As you may notice, there's nothing pointing to topic prominence in the previous examples. I intend this to remain the case in the older stages of the classical language. Instead, the topic prominence will be a feature that evolves over time and reaches its full extent in the later, or more modern, stages of the language.

Initially at least some fronted topicalised arguments were marked with the postposition ta (meaning undecided, probably some generic locative). This quickly agglutinated in the spoken language, loosing the final vowel beyond the second syllable. At this point you essentially had a case like topic form parallel to the three original cases: nominative, accusative, and genitive. The written language retained a more conservative grammar, however, and took some time to accept the morphologised topic marking. The topic forms are used in the written language of the later classical period but a lot more sparingly than in the spoken language of the era. Most notably, subject topic is not marked.

Over time the usage of the classical language broke down and eventually people started to write the spoken language of their own time with its fully developed topic prominent grammar. I assume that the evolution of written Lkal sik will then be dominated by a classical norm with only limited topic marking and a later developing modern standard that matches the topic marking of the spoken language. I'm interested, though, by what will happen during the intermediary period where people preferred to use the classical standard but increasingly slipped in colloquial topic marking.

Now, I'm not aware how much documented evidence there is for how topic prominent grammar develops and evolves over time. If anyone knows any relevant literature on the subject, I'd be interested to know. This would be useful for figuring out what will the earliest stages of the topic marking grammar most likely look like and what sort of grammatical errors would we expect from sloppy writers during different stages of the language's evolution.
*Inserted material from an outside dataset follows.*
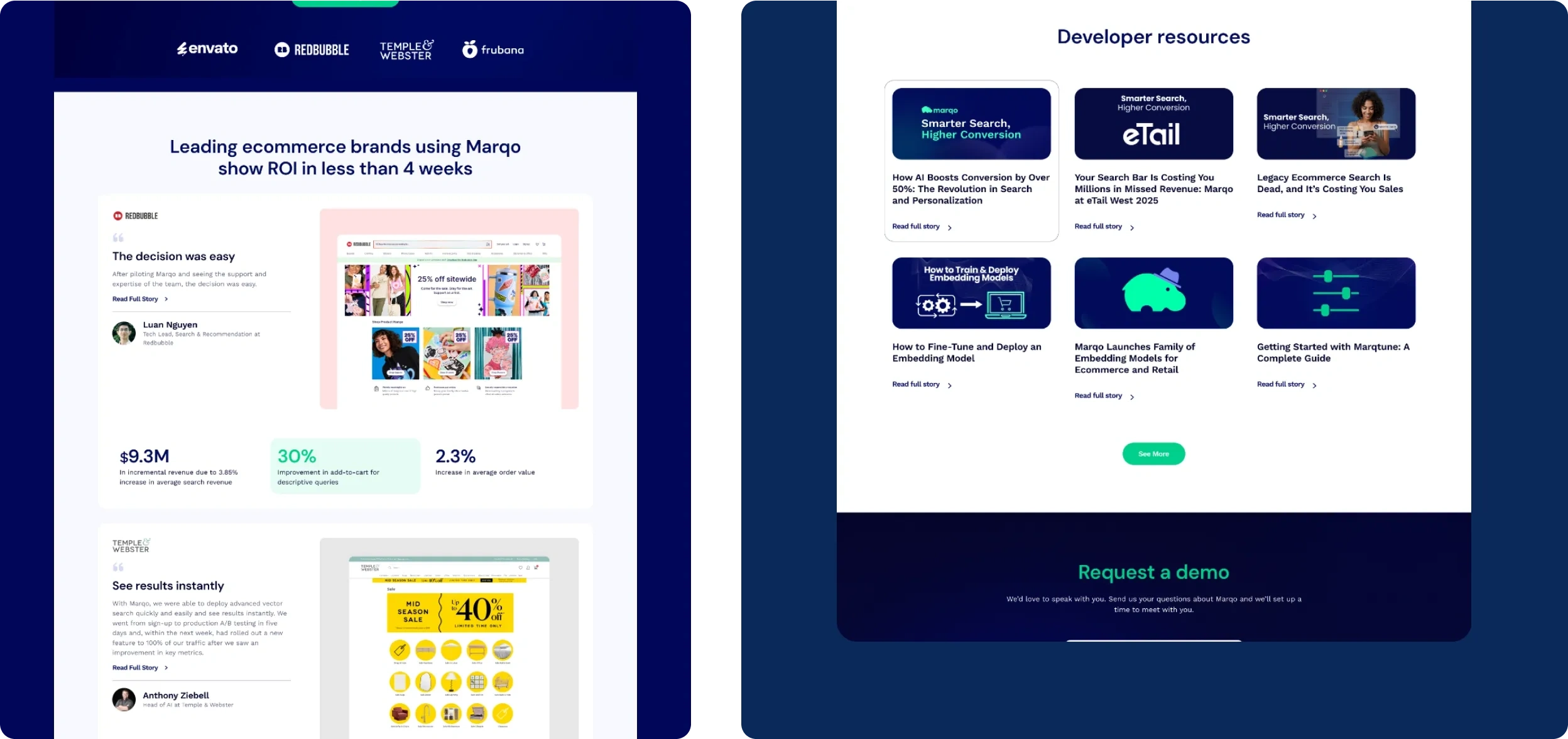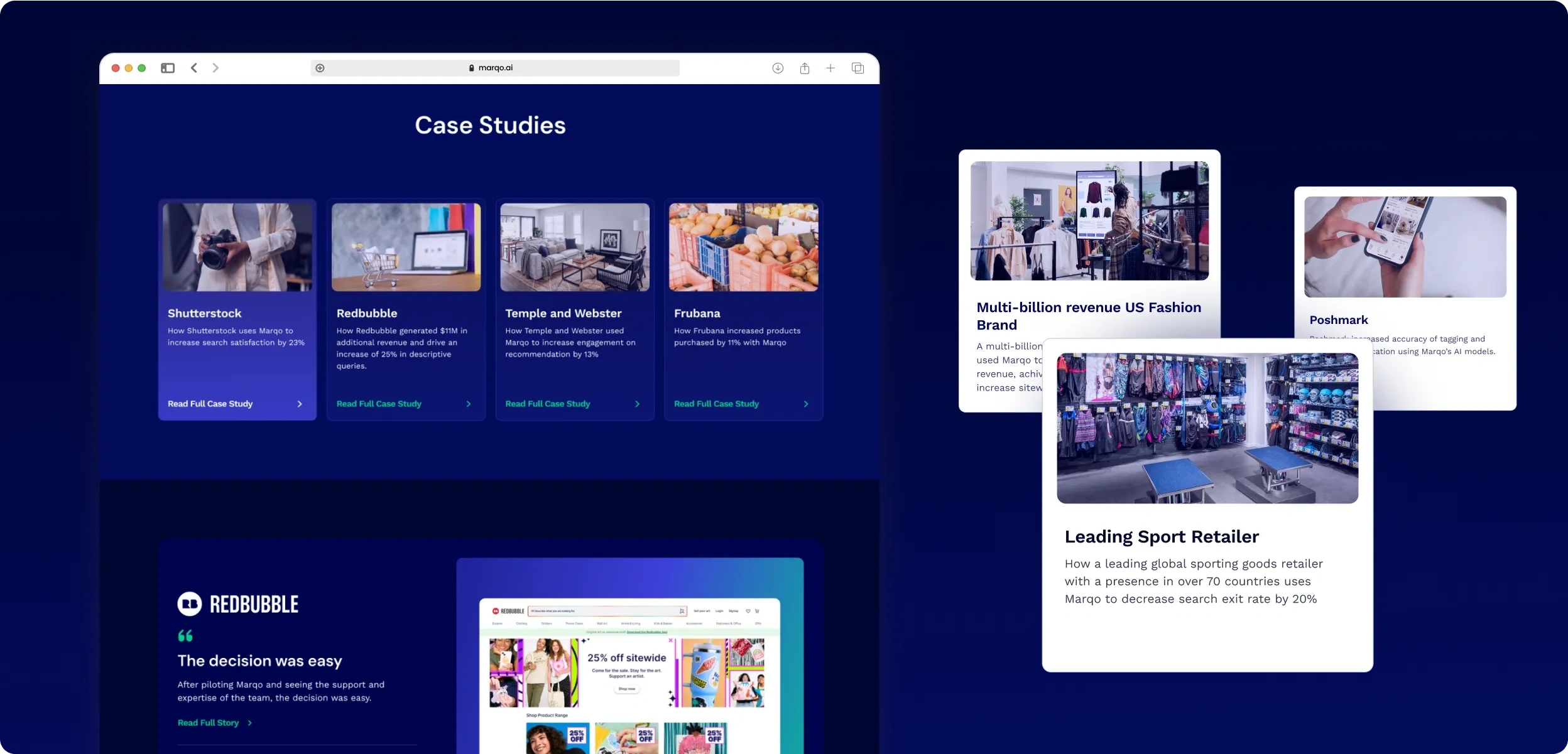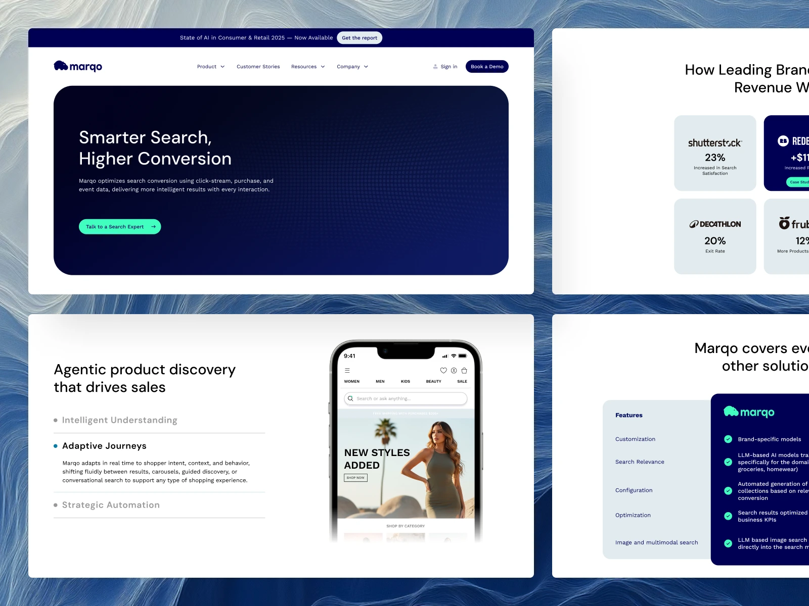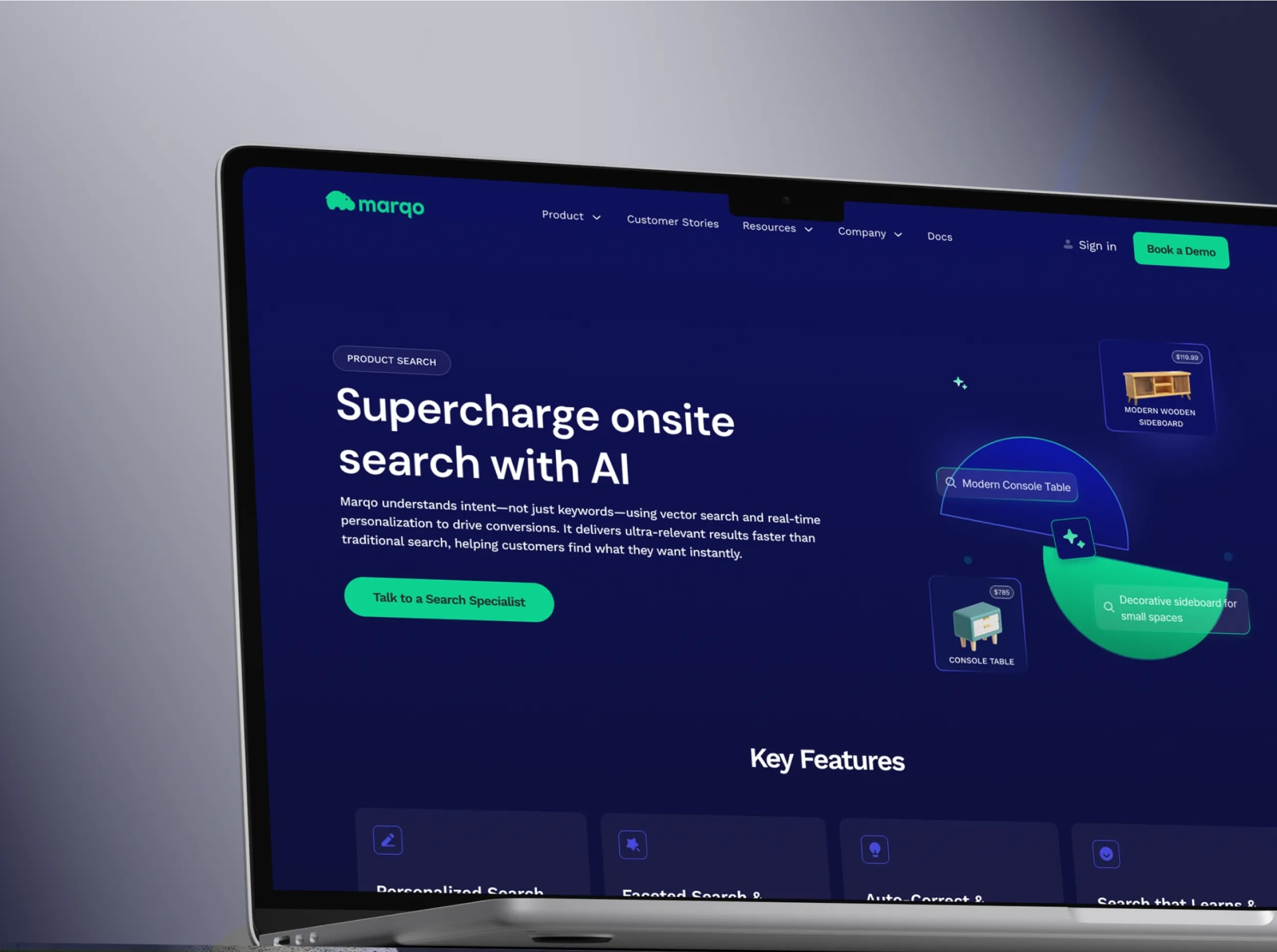 Marqo needed a website that reflected their search technology - intuitive, powerful, and built for discovery. We designed a clean, modern interface that makes complex AI feel accessible, with smooth interactions that guide users naturally through their journey, and architecture that scales with their growth. The result is a site that demonstrates what intelligent search looks like, converting visitors whether they're developers looking for solutions or enterprises ready to transform their search experience.

Lastly, here are some example topic forms from Classical Lkal sik: nřu (horse) ~ nřu-te (horse-TOP), kame (child) ~ kame-t (child-TOP), diom (man) ~ diom-et (man-TOP), bźen (woman) ~ bźen-et; and the corresponding forms in the modern langauge: qu ~ qùt, kàm ~ káma, dźom ~ dźóme, źe ~ źéne. In the orthography for the modern language <q> stands for /χ/ derived from /q ʁ/, the vowels all have their IPA values, and the diacritics denote word level tones: acute for high or high rising, grave for falling, and unmarked for low.